The Rev. Edward Frederick Sorin, C.S.C., Award - 2012: The Honorable Ann Claire Williams ’75 J.D.

Published on April 7, 2026

2012: The Honorable Ann Claire Williams ’75 J.D.

 
 

For her years of trailblazing service to the judiciary, Judge Ann Claire Williams ’75 J.D. was awarded the 2012 Sorin Award. 

In 1999, Ann Claire Williams was appointed to the United States Court of Appeals for the Seventh Circuit. She is the first judge of color appointed to the Seventh Circuit and the third woman of color to serve on any United States Court of Appeals. Before that appointment, Williams served on the United States District Court for the Northern District of Illinois. At 35, she was the youngest woman of color ever appointed to the federal bench.

Judge Williams has a long history of service to the judiciary. She was the first woman and first judge of color appointed Chair of the Court Administration and Case Management Committee of the Judicial Conference of the United States, was the first judge of color to serve as president of the Federal Judges Association, and served on the Supreme Court Fellows Program Commission for six years. Judge Williams also has a longstanding commitment to education and training, both in the United States and abroad. She has traveled to Ghana, Kenya, Liberia, and Uganda to train judges and lawyers on topics such as domestic and gender violence, judicial ethics, case management, alternative dispute resolution, and trial advocacy, and has served as a member of international training delegations teaching trial and appellate advocacy at the International Criminal Tribunals for Rwanda and the former Yugoslavia. 
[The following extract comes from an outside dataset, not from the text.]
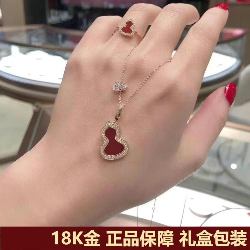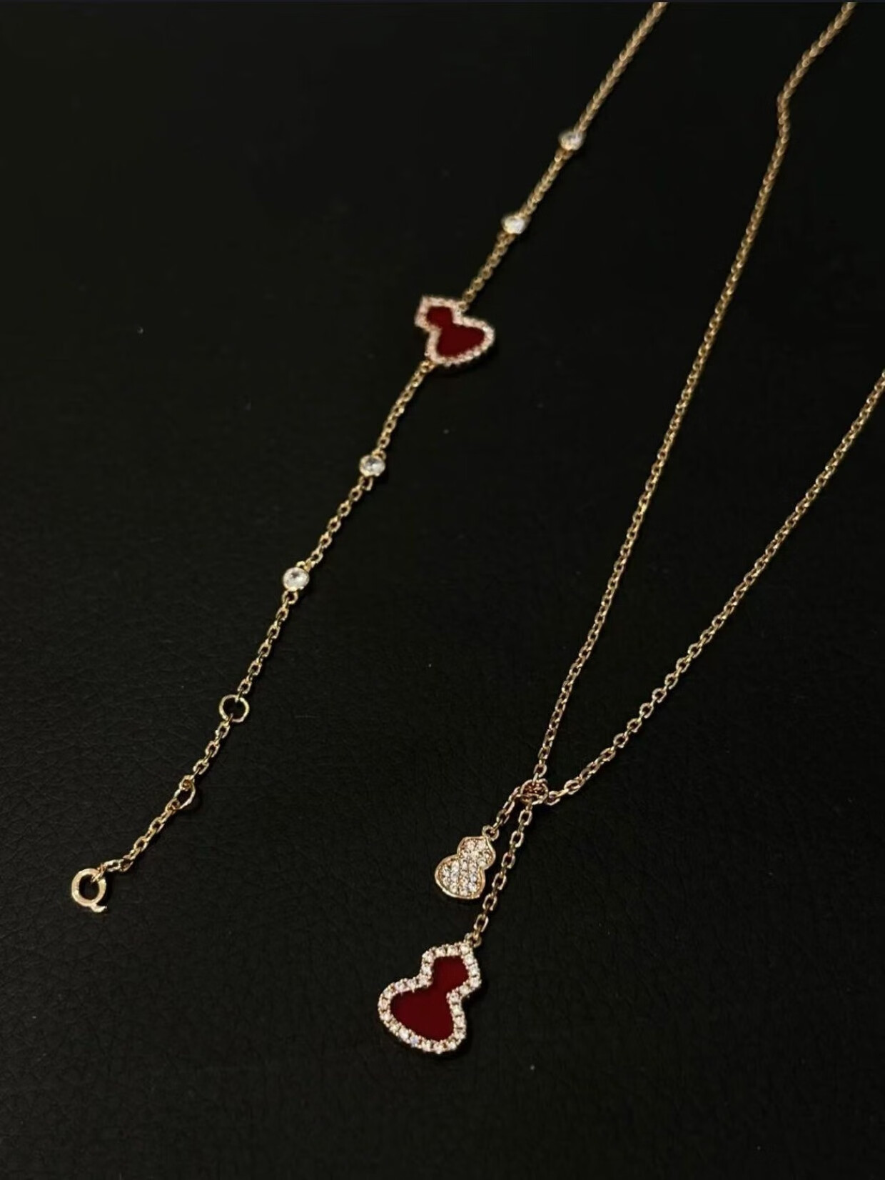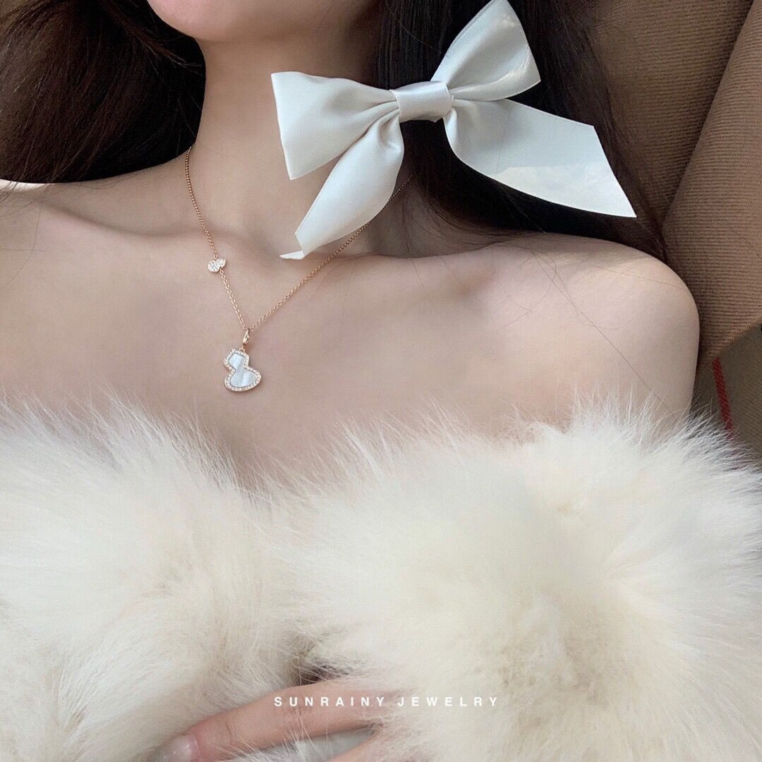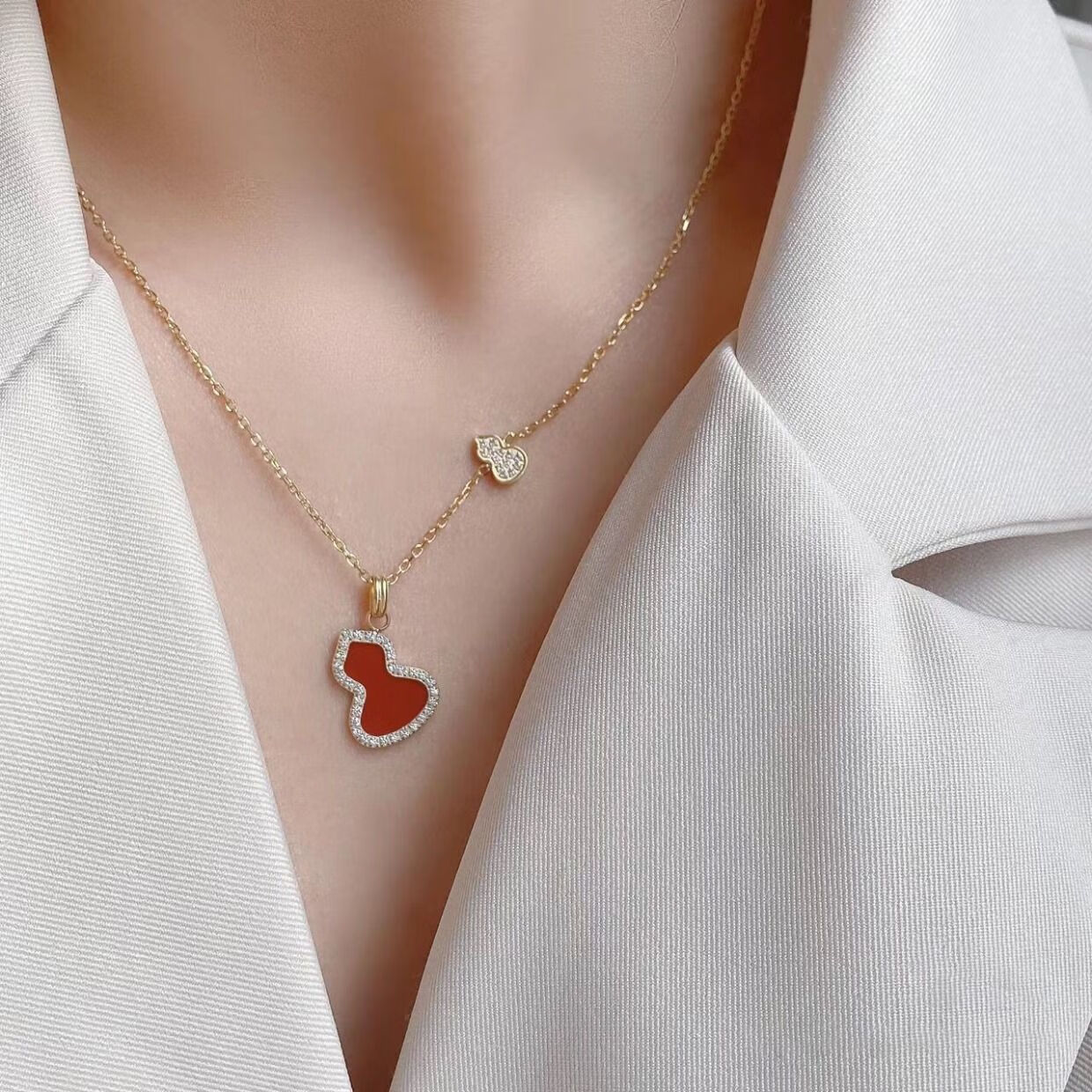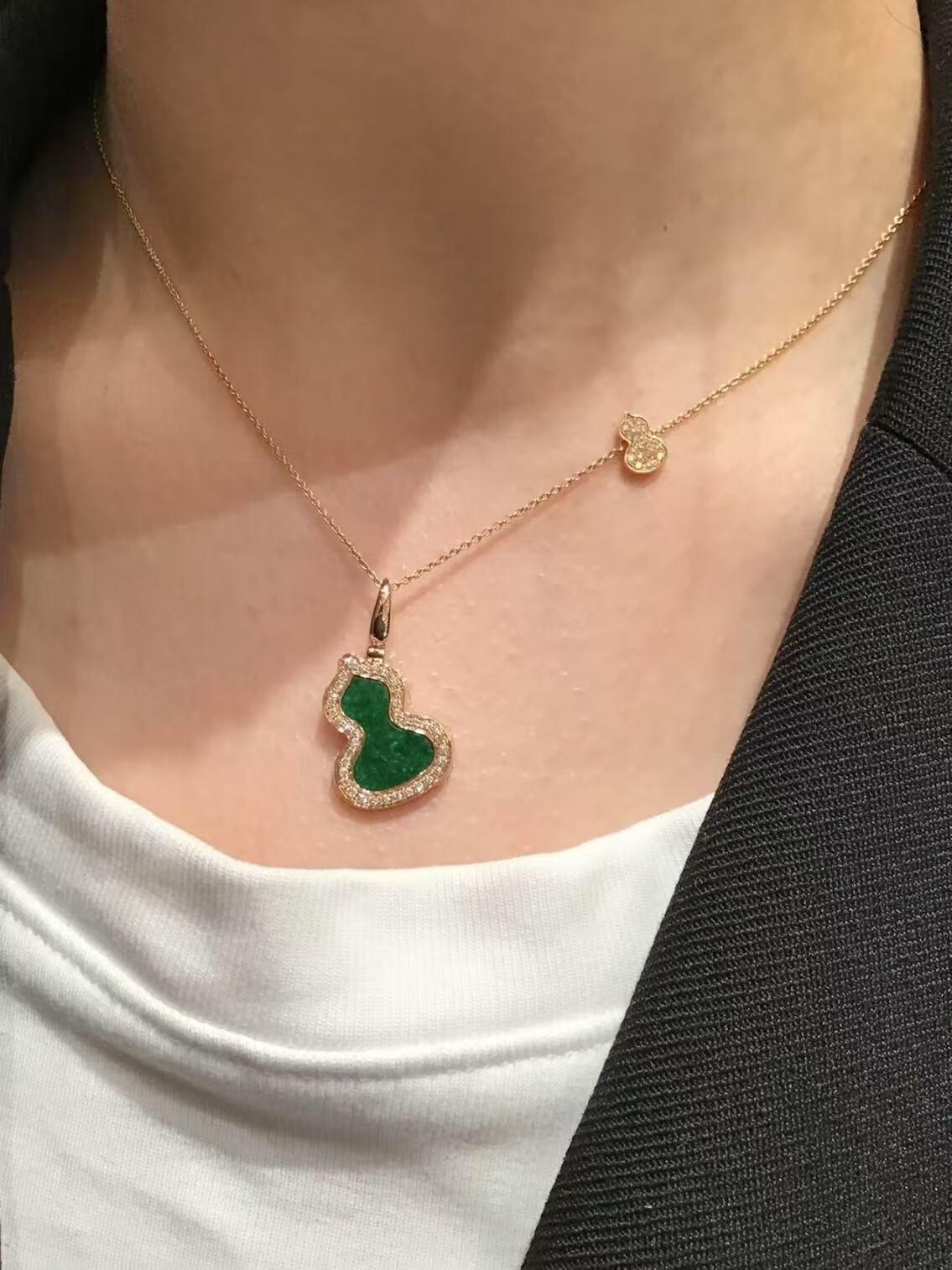 Wei Ci light luxury 18K gold-plated unicorn gourd necklace for women carnelian white mother-of-pearl rose gold with diamonds as a birthday gift for your girlfriend, small size, green agate, rose gold

Judge Williams has committed herself to public interest work and expanding the pipeline for minorities and women. In 1977, she co-founded Minority Legal Education Resources, which has helped over 4,000 lawyers pass the Illinois bar at a rate that equals or exceeds the annual passage rate. In 1987, she helped found the Black Women Lawyers’ Association of Chicago, and in 1991, an order she entered in In Re Folding Carton (N.D. Ill. 1991) directed $2.3 million in cy pres funds to create a public interest post-graduate legal fellowship program administered by Equal Justice Works. In 1992, Judge Williams co-founded the Just The Beginning Foundation, an organization that has evolved into a pipeline organization to encourage students of color and other under-represented groups to pursue legal careers.